Derzeit vermitteln die Leitlinien und Maßnahmen der U.S. Federal Trade Commission („FTC“) das klarste Bild davon, wie die Bundesregierung von Unternehmen erwartet, KI-Systeme einzusetzen. Jüngste FTC-Leitlinien haben versucht, aktuelle Entwicklungen zügig aufzugreifen. Im Februar verabschiedete die FTC eine Regel, die den Einsatz von KI-Deepfakes zur Imitation von Organisationen oder Regierungsbehörden verbietet. Im selben Monat warnte sie KI-Unternehmen davor, ihre Nutzungsbedingungen heimlich mit rückwirkender Wirkung zu ändern. Diese Aktivitäten kommen zusätzlich zur Prüfung von Investitionen und Übernahmen durch große Technologieunternehmen aus kartellrechtlicher Perspektive hinzu. Im Mai verfasste FTC-Vorsitzende Lina Khan einen Meinungsbeitrag in der New York Times, in dem sie ihren vorgeschlagenen Ansatz zur KI-Regulierung darlegte.

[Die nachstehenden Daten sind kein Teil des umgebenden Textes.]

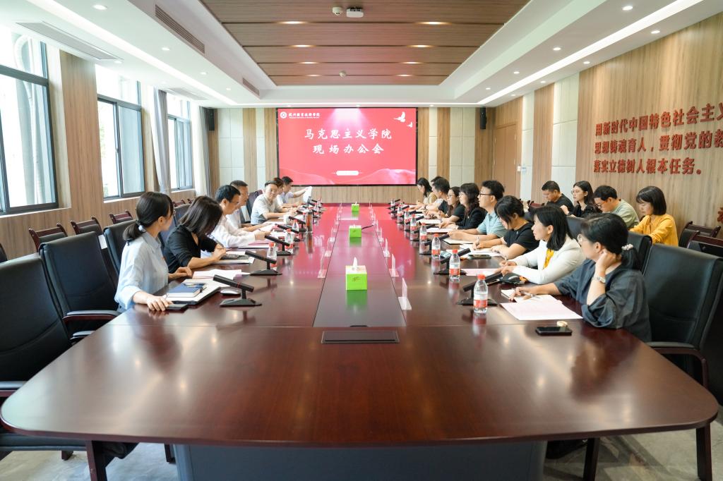 现场办公会上,办公室、质评处、人事处、教务处负责人分别围绕课程建设、人才引培、校际合作等方面作了交流发言,马克思主义学院领导班子、教研室主任和教师代表参加会议。
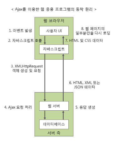 Ajax(Asynchronous JavaScript and XML, 에이잭스)는 비동기적인 웹 애플리케이션의 제작을 위해 아래와 같은 조합을 이용하는 웹 개발 기법이다.

Warum war der Fall Rite Aid im Dezember so wichtig?

Im Dezember 2023 gab die FTC eine Einigung mit der Apothekenkette Rite Aid bekannt. Rite Aid hatte „Gesichtserkennungstechnologie an Hunderten seiner Einzelhandels-Apothekenstandorte eingesetzt, um Kunden zu identifizieren, die man zuvor als wahrscheinlich eingestuft hatte, Ladendiebstahl oder anderes kriminelles Verhalten zu begehen“, so eine FTC-Beschwerde. In der Einigung verpflichtete sich Rite Aid, fünf Jahre lang in seinen Filialen oder online keine Gesichtserkennungssysteme einzusetzen und Fotos und Videos von Kunden zu löschen, die unrechtmäßig in Gesichtserkennungssystemen verwendet wurden, einschließlich der daraus abgeleiteten „Daten, Modelle und Algorithmen“.

Welche Auswirkungen hat dies für Organisationen, die KI einsetzen?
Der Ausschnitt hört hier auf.